Exercise requirements - Everything in the data except the pictures belongs in your answer, copied exactly.

Data block -
::::::::

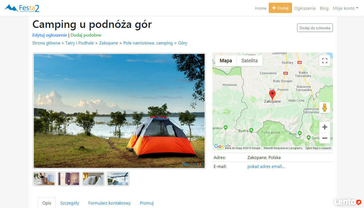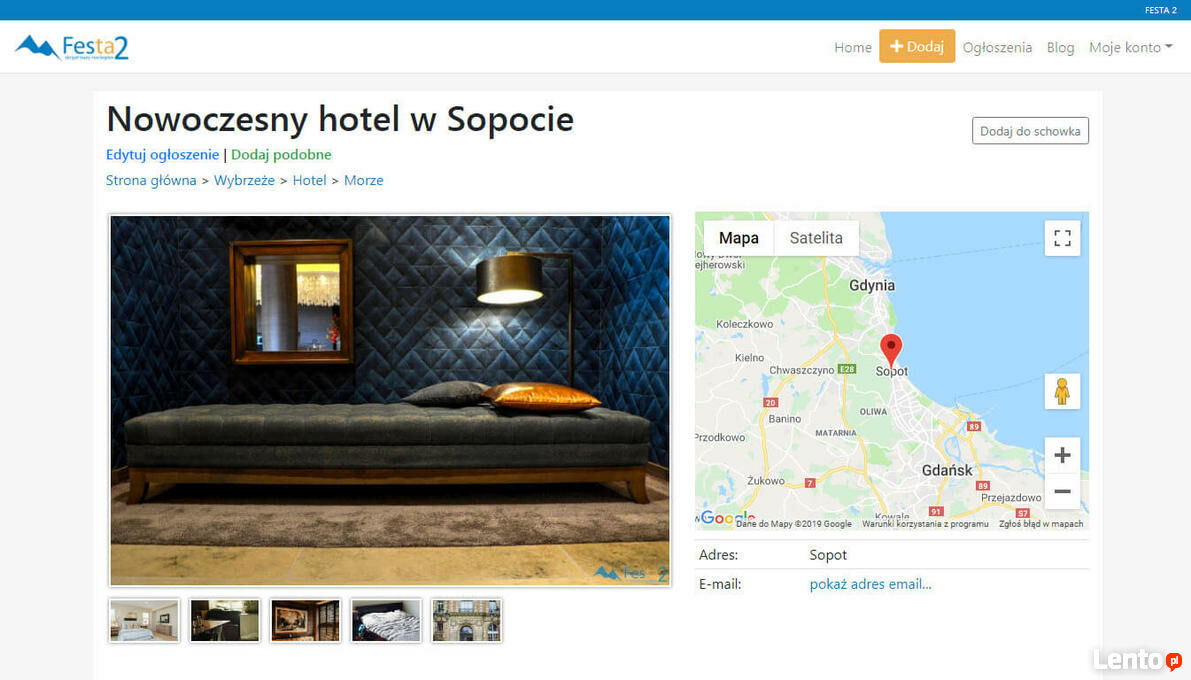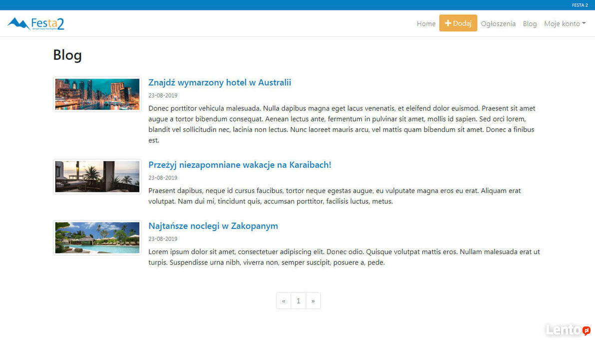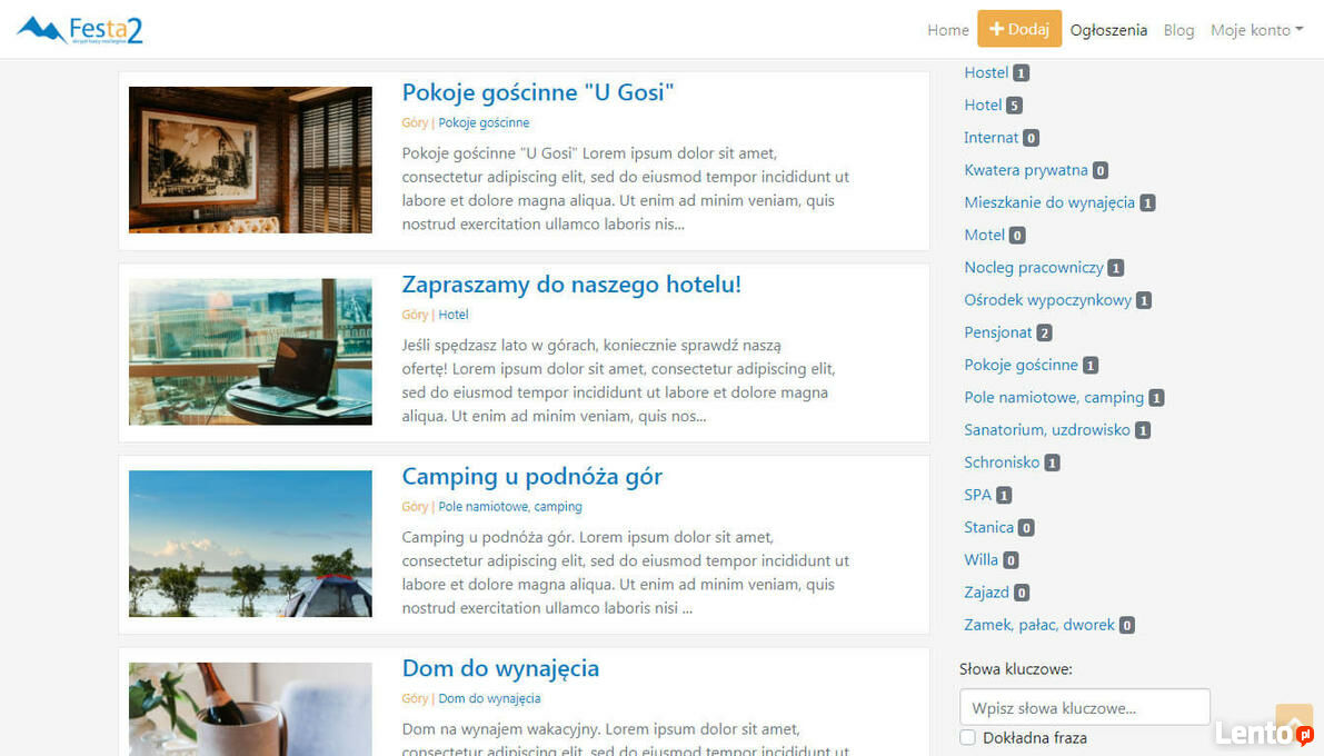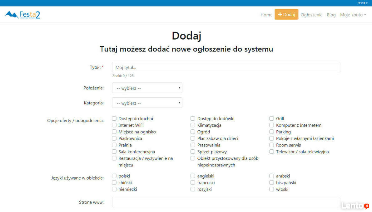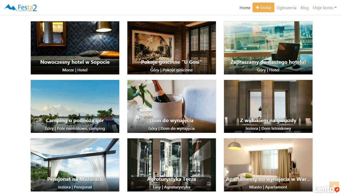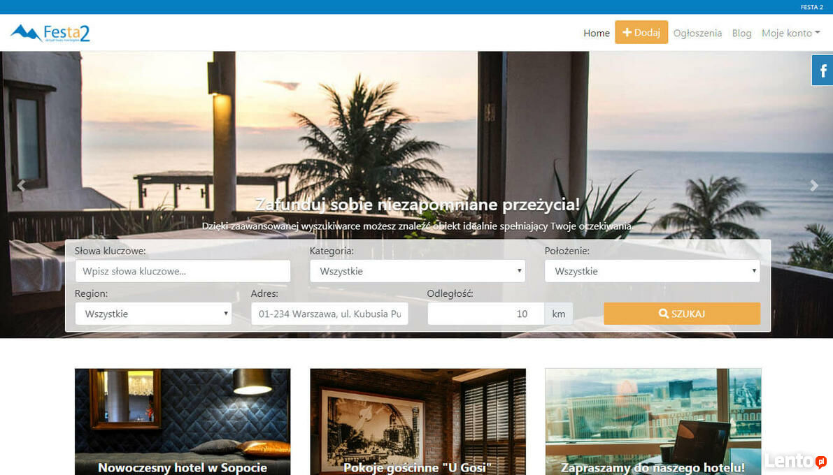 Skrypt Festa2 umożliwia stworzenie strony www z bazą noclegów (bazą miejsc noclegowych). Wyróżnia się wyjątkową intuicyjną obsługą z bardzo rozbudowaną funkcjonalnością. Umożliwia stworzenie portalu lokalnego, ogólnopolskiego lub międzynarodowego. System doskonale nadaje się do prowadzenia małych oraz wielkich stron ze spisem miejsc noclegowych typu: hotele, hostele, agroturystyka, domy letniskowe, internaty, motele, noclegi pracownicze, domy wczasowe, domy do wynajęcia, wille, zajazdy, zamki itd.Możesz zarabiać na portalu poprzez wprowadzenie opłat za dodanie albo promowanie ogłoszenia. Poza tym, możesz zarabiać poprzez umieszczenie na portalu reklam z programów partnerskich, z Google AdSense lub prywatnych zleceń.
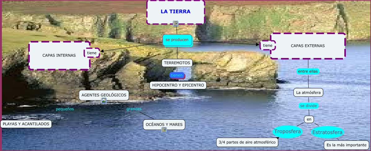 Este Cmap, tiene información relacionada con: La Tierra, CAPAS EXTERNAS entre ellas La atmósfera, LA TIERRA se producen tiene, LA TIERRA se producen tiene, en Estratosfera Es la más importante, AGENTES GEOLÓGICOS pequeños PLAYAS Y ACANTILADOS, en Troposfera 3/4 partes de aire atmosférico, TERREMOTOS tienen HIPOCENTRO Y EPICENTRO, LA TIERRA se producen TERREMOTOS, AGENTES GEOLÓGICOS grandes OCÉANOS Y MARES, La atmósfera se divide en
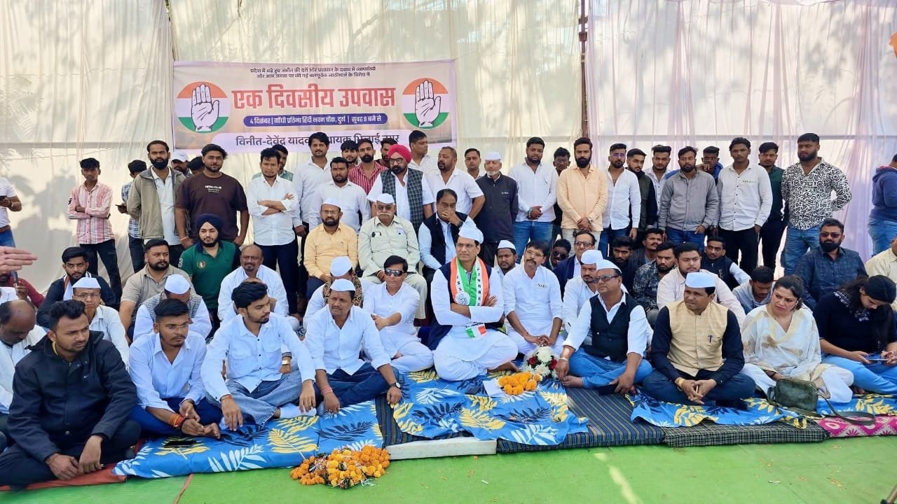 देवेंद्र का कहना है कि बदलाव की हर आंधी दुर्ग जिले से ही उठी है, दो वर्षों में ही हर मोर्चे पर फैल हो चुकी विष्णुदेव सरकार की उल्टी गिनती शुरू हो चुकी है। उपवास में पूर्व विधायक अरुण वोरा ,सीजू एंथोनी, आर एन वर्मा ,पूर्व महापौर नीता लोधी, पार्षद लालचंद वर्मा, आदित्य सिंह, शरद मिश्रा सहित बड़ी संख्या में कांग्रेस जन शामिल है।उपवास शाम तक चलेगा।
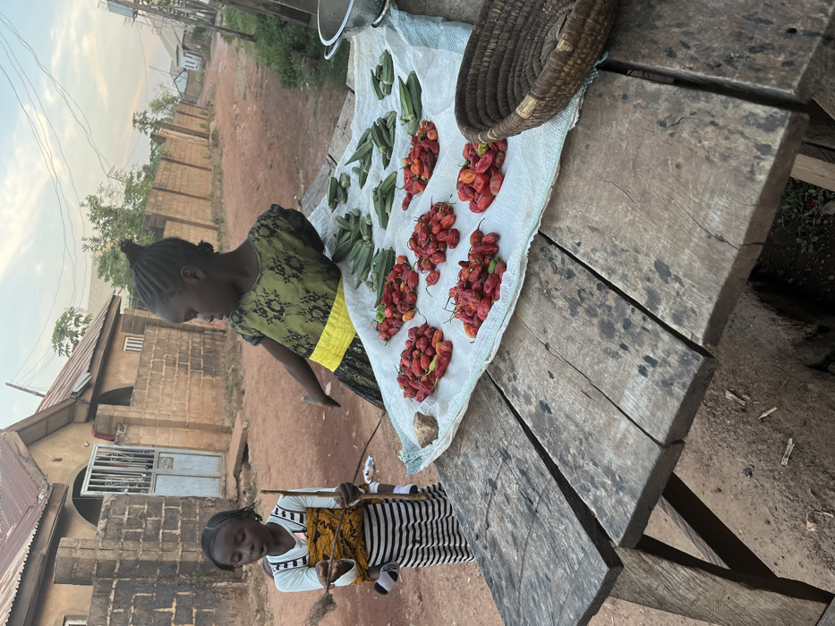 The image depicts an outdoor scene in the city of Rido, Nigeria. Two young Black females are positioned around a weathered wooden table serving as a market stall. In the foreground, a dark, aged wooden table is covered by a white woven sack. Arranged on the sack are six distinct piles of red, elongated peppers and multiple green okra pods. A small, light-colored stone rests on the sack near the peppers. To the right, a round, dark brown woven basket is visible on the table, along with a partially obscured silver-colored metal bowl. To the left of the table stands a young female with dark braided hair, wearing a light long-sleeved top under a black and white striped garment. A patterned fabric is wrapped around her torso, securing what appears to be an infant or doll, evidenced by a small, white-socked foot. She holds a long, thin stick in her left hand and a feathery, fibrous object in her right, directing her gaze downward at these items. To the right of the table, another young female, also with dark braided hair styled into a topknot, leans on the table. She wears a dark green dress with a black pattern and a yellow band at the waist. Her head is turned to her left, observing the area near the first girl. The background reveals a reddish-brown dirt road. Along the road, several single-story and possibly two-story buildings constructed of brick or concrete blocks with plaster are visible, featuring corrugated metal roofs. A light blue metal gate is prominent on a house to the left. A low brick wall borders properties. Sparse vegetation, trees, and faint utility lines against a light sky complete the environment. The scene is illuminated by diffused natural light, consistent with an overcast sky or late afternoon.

::::::::

Response -
 Skrypt Festa2 umożliwia stworzenie strony www z bazą noclegów (bazą miejsc noclegowych). Wyróżnia się wyjątkową intuicyjną obsługą z bardzo rozbudowaną funkcjonalnością. Umożliwia stworzenie portalu lokalnego, ogólnopolskiego lub międzynarodowego. System doskonale nadaje się do prowadzenia małych oraz wielkich stron ze spisem miejsc noclegowych typu: hotele, hostele, agroturystyka, domy letniskowe, internaty, motele, noclegi pracownicze, domy wczasowe, domy do wynajęcia, wille, zajazdy, zamki itd.Możesz zarabiać na portalu poprzez wprowadzenie opłat za dodanie albo promowanie ogłoszenia. Poza tym, możesz zarabiać poprzez umieszczenie na portalu reklam z programów partnerskich, z Google AdSense lub prywatnych zleceń.
 Este Cmap, tiene información relacionada con: La Tierra, CAPAS EXTERNAS entre ellas La atmósfera, LA TIERRA se producen tiene, LA TIERRA se producen tiene, en Estratosfera Es la más importante, AGENTES GEOLÓGICOS pequeños PLAYAS Y ACANTILADOS, en Troposfera 3/4 partes de aire atmosférico, TERREMOTOS tienen HIPOCENTRO Y EPICENTRO, LA TIERRA se producen TERREMOTOS, AGENTES GEOLÓGICOS grandes OCÉANOS Y MARES, La atmósfera se divide en
 देवेंद्र का कहना है कि बदलाव की हर आंधी दुर्ग जिले से ही उठी है, दो वर्षों में ही हर मोर्चे पर फैल हो चुकी विष्णुदेव सरकार की उल्टी गिनती शुरू हो चुकी है। उपवास में पूर्व विधायक अरुण वोरा ,सीजू एंथोनी, आर एन वर्मा ,पूर्व महापौर नीता लोधी, पार्षद लालचंद वर्मा, आदित्य सिंह, शरद मिश्रा सहित बड़ी संख्या में कांग्रेस जन शामिल है।उपवास शाम तक चलेगा।
 The image depicts an outdoor scene in the city of Rido, Nigeria. Two young Black females are positioned around a weathered wooden table serving as a market stall. In the foreground, a dark, aged wooden table is covered by a white woven sack. Arranged on the sack are six distinct piles of red, elongated peppers and multiple green okra pods. A small, light-colored stone rests on the sack near the peppers. To the right, a round, dark brown woven basket is visible on the table, along with a partially obscured silver-colored metal bowl. To the left of the table stands a young female with dark braided hair, wearing a light long-sleeved top under a black and white striped garment. A patterned fabric is wrapped around her torso, securing what appears to be an infant or doll, evidenced by a small, white-socked foot. She holds a long, thin stick in her left hand and a feathery, fibrous object in her right, directing her gaze downward at these items. To the right of the table, another young female, also with dark braided hair styled into a topknot, leans on the table. She wears a dark green dress with a black pattern and a yellow band at the waist. Her head is turned to her left, observing the area near the first girl. The background reveals a reddish-brown dirt road. Along the road, several single-story and possibly two-story buildings constructed of brick or concrete blocks with plaster are visible, featuring corrugated metal roofs. A light blue metal gate is prominent on a house to the left. A low brick wall borders properties. Sparse vegetation, trees, and faint utility lines against a light sky complete the environment. The scene is illuminated by diffused natural light, consistent with an overcast sky or late afternoon.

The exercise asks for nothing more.